**Task input**
——
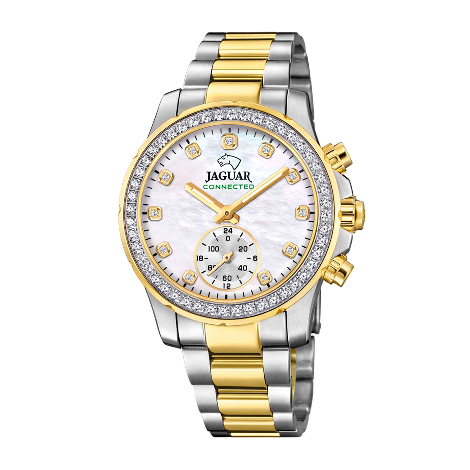 Jaguar Connected er et elegant dameur, der kombinerer stil og funktion. Dette kvartsur har en stilfuld sølv urkasse og en hvid urskive, der måler 37 mm i diameter. Remmen er en flot to-tone kombination af guld og sølv og er dekoreret med smukke zirkoner. Uret er udstyret med praktiske chronograph-funktioner og er vandtæt ned til 50 meter. Med 2 års garanti tilbyder Jaguar Connected det bedste inden for schweizisk urhåndværk og moderne design.
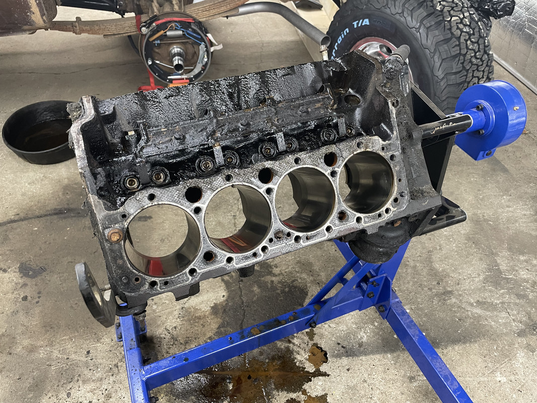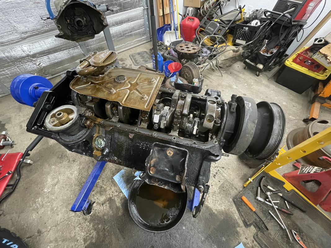 Donor rig was a 2000 Express Van ![]() Engine out! ![]() Engine separated from the transmission and heads removed ![]() ![]() On the stand. Oil was a little milky, so head or intake gaskets were done. ![]() Started teardown ![]() ![]() Completely stripped down. Everything looked serviceable other than some light scoring on the pistons. Off to the machine shop!
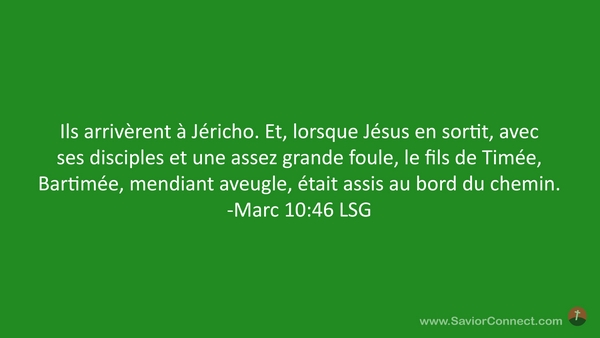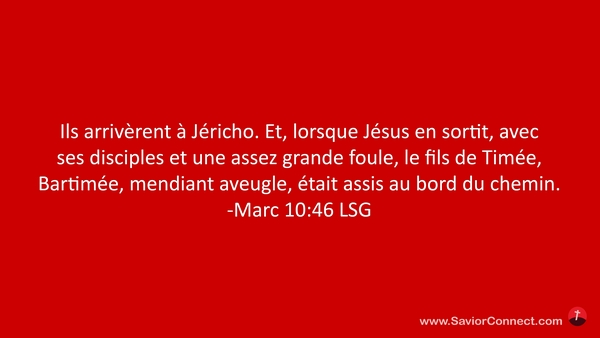 Ils arrivèrent à Jéricho. Et, lorsque Jésus en sortit, avec ses disciples et une assez grande foule, le fils de Timée, Bartimée, mendiant aveugle, était assis au bord du chemin. -Marc 10:46 LSG
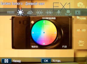 | Выбор варианта стилизации снимка по цвету. Работает как при съемке, так и при просмотре. Можно обработать RAW-снимок и сохранить его как JPEG 5 Мп. | Ручная настройка цветопередачи на снимке. |
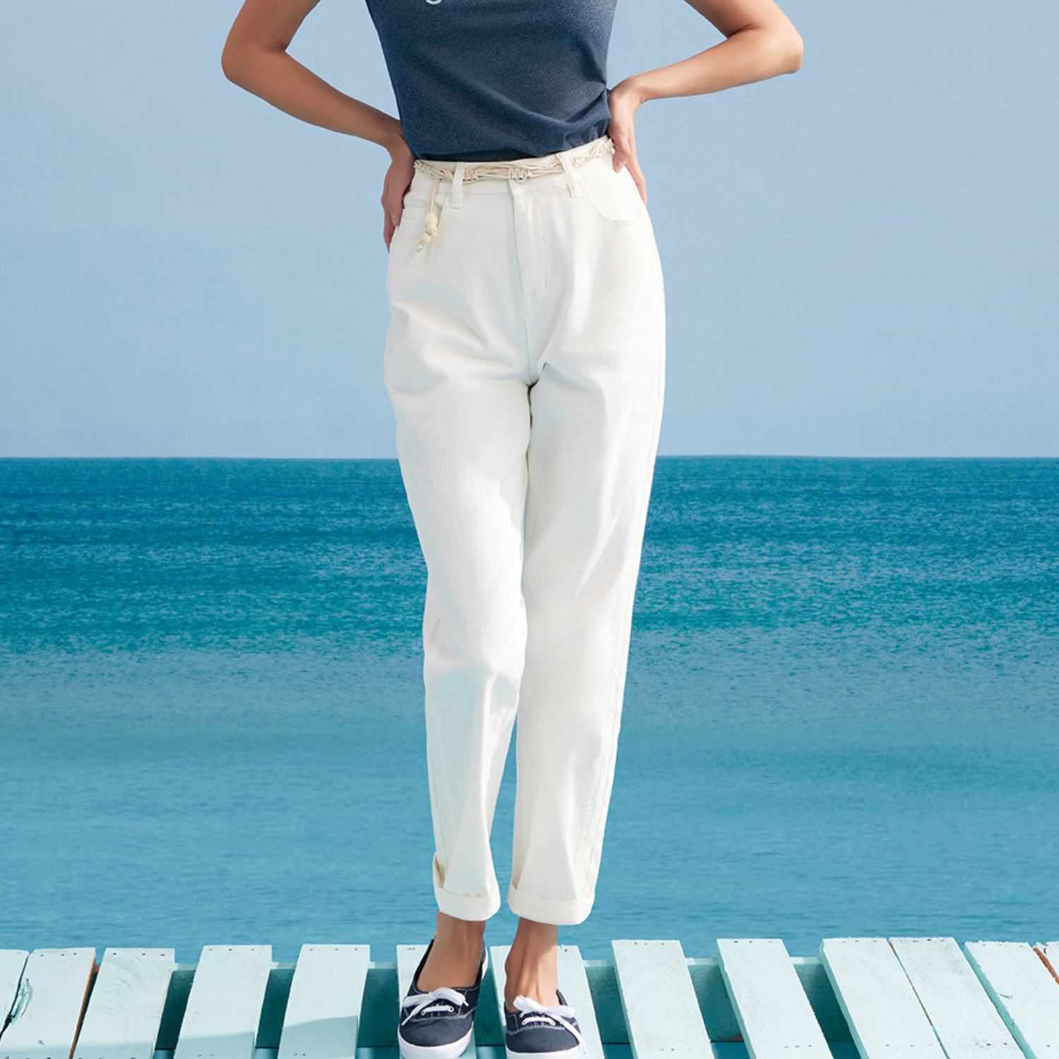 • Style: Women's High Waist Relax Taper White Denim Jeans
——
**Exercise objective**
Only the lines from the one with "на снимке. |" through the final line of the entries belong in the answer, set down exactly, with both ends included and no pictures.

**Output for this exercise**
 | Выбор варианта стилизации снимка по цвету. Работает как при съемке, так и при просмотре. Можно обработать RAW-снимок и сохранить его как JPEG 5 Мп. | Ручная настройка цветопередачи на снимке. |
 • Style: Women's High Waist Relax Taper White Denim Jeans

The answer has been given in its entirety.